Here I have a CUDA kernel called in two programs. In one program (A), it was compiled to PTX and then was loaded as part of a CUmodule and executed as a CUfunciton. In the other program (B), it was compiled to an object file and statically linked. With the same compiler flags, I can confirm that the PTX codes of this kernel generated in these two programs are identical. What confused me was I would constantly get 100 us (A) vs. 150 us (B) when I profiled these two programs with nvprof with the same input and running on the same GPU. I thought they should have been very close.

I have also checked other possible factors, including static/dynamic allocated shared memory (not used), gird size and block size (same), cache config (all prefer L1), and I am still clueless. Are there any suggestions for me to further investigate this problem?

Thanks.

cbuchner1 · December 6, 2019, 8:47am

could it be the GPU’s power management? Maybe it takes a bit of time for CUDA to fully ramp up the P state from idle state. And in that kernel it might depend on the prior workloads whether the best performing P state for CUDA has been reached.

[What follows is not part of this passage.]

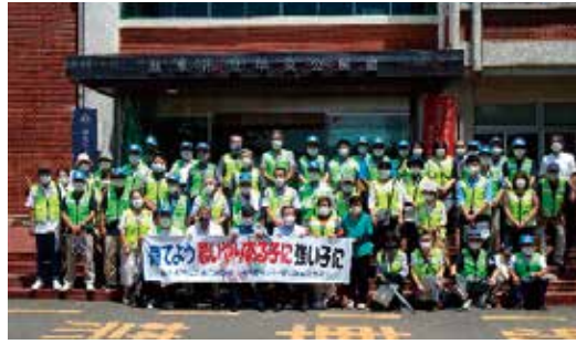
社会環境整備事業

潮来市内小学校5校、中学校4校、高等学校1校の教職員の方々と、各地区から選出された66名と合せて、76名の青少年相談員の皆さん達と青少年と子供達の日常の安全を守る活動をしてまいります。今年度・昨年度は新型コロナウイルス感染症拡大防止のため、市内各地区の祭礼、水郷潮来花火大会等のイベントが中止となり、それに伴い巡視活動が中止となるなど、多くの活動が中止となっております。その様な状況の中、感染防止対策を考慮して、実施している活動をいくつかご紹介します。

I don’t know if you are calling that kernel repeatedly, causing constant load on the GPU or whether it’s a one time call.

For some of the professional grade CUDA cards, application clock speeds of the card and memory can be set to specific values. The consumer level cards use a more dynamic clock speed management (within configurable power limits)

cbuchner1 · December 6, 2019, 8:54am

Try this command to query P-state and clocks periodically

nvidia-smi --query-gpu=timestamp,pstate,clocks.current.graphics,clocks.current.memory --format=csv -l 1

oukore · December 6, 2019, 8:58pm

Interesting… The kernel should have been called repeatedly in the application but when I profiled it, I let it run at most twice. I have never considered this might be an issue though (and never heard of it), especially when I didn’t notice big fluctuations in the reported duration.

The reported P states all started from P8 and turned to P0, seemingly before this kernel was launched. It seemed that the power management didn’t explain the difference here but if the reason was indeed obscure like this, I intended to pass it for now.

Thank you.